Impoverimento dell’ozono
Buco dell’ozono antartico
Il caso più grave di impoverimento dell’ozono è stato documentato per la prima volta nel 1985 in un documento degli scienziati del British Antarctic Survey (BAS) Joseph C. Farman, Brian G. Gardiner, e Jonathan D. Shanklin. A partire dalla fine degli anni ’70, una grande e rapida diminuzione dell’ozono totale, spesso di oltre il 60% rispetto alla media globale, è stata osservata in primavera (da settembre a novembre) sull’Antartide. Farman e i suoi colleghi hanno documentato per la prima volta questo fenomeno sulla loro stazione BAS di Halley Bay, in Antartide. Le loro analisi hanno attirato l’attenzione della comunità scientifica, che ha scoperto che queste diminuzioni nella colonna di ozono totale erano superiori al 50 per cento rispetto ai valori storici osservati sia da tecniche terrestri che satellitari.
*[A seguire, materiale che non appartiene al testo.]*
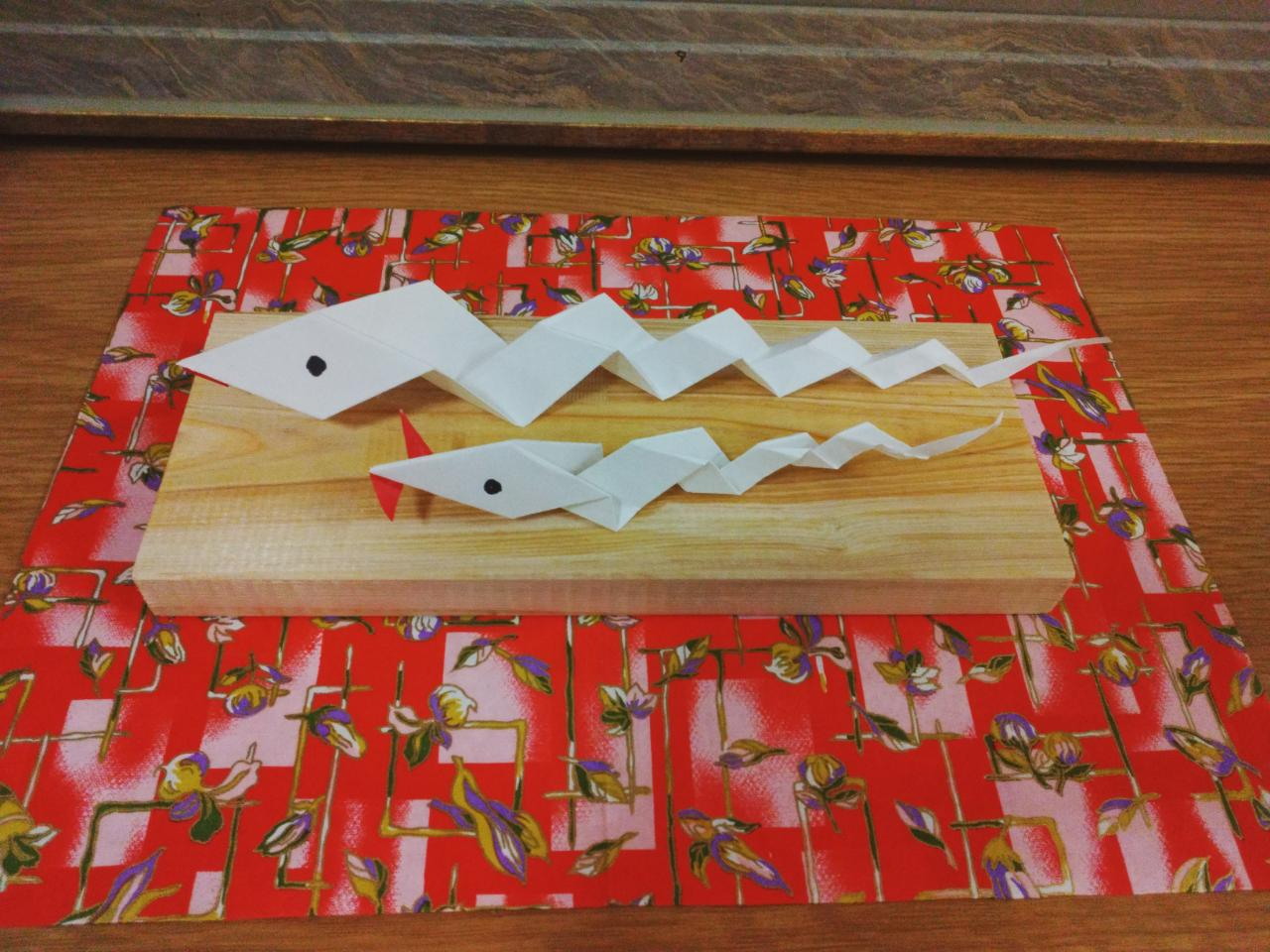折り紙で蛇を表現するのは難しいと思うのですが、ふじの会の田中先生が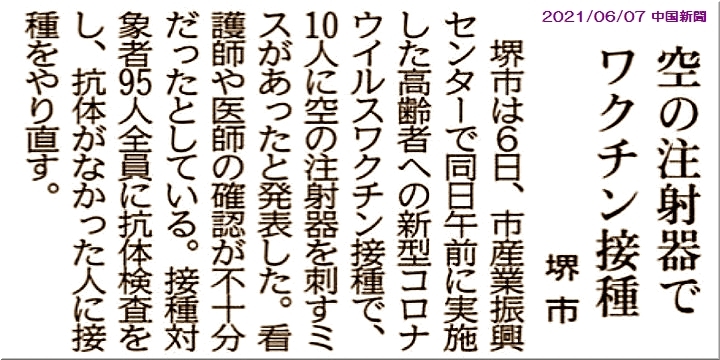 う〜ん、今度は堺市で空の注射器でワクチン接種ですか…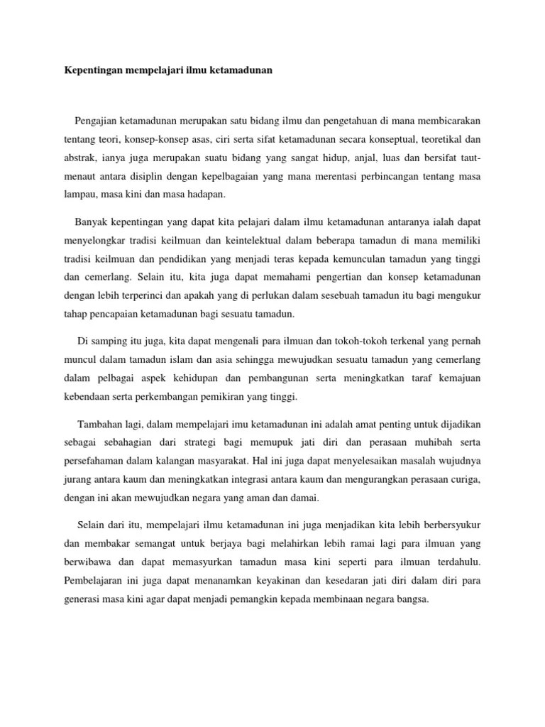 Konsep ketamadunan sepatutnya dilihat dari perspektif yang meliputi pencapaian tatasusila dan moral yang tinggi serta kemajuan penempatan dan kemudahan yang sempurna. Memperkenalkan pengajian ketamadunan di institusi pengajian tinggi bagi pemahaman dan menimbulkan rasa hormat antara kaum di malaysia. Kepentingan mempelajari ilmu ketamadunan pdf. Doc kepentingan ilmu ketamadunan kepada pembangunan negara amir syafiq academia edu. Masyarakat melakukan perkara perkara negetif secara berleluasa.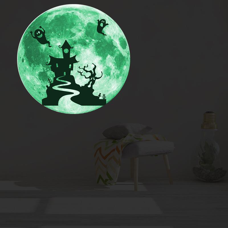 Наклейка на хэллоуин замок с привидениями 30 см салатовый

A seguito dell’articolo di Farman, sono sorte diverse ipotesi che cercavano di spiegare il “buco dell’ozono” antartico. Inizialmente fu proposto che la diminuzione dell’ozono potesse essere spiegata dal ciclo catalitico del cloro, in cui singoli atomi di cloro e i loro composti rimuovono singoli atomi di ossigeno dalle molecole di ozono. Poiché si è verificata una perdita di ozono maggiore di quella che poteva essere spiegata dalla fornitura di cloro reattivo disponibile nelle regioni polari dai processi conosciuti a quel tempo, sono sorte altre ipotesi. Una speciale campagna di misurazione condotta dalla National Aeronautics and Space Administration (NASA) e dalla National Oceanic and Atmospheric Administration (NOAA) nel 1987, così come misurazioni successive, dimostrarono che la chimica del cloro e del bromo erano effettivamente responsabili del buco dell’ozono, ma per un altro motivo: il buco sembrava essere il prodotto di reazioni chimiche che avvenivano sulle particelle che compongono le nuvole stratosferiche polari (PSC) nella bassa stratosfera.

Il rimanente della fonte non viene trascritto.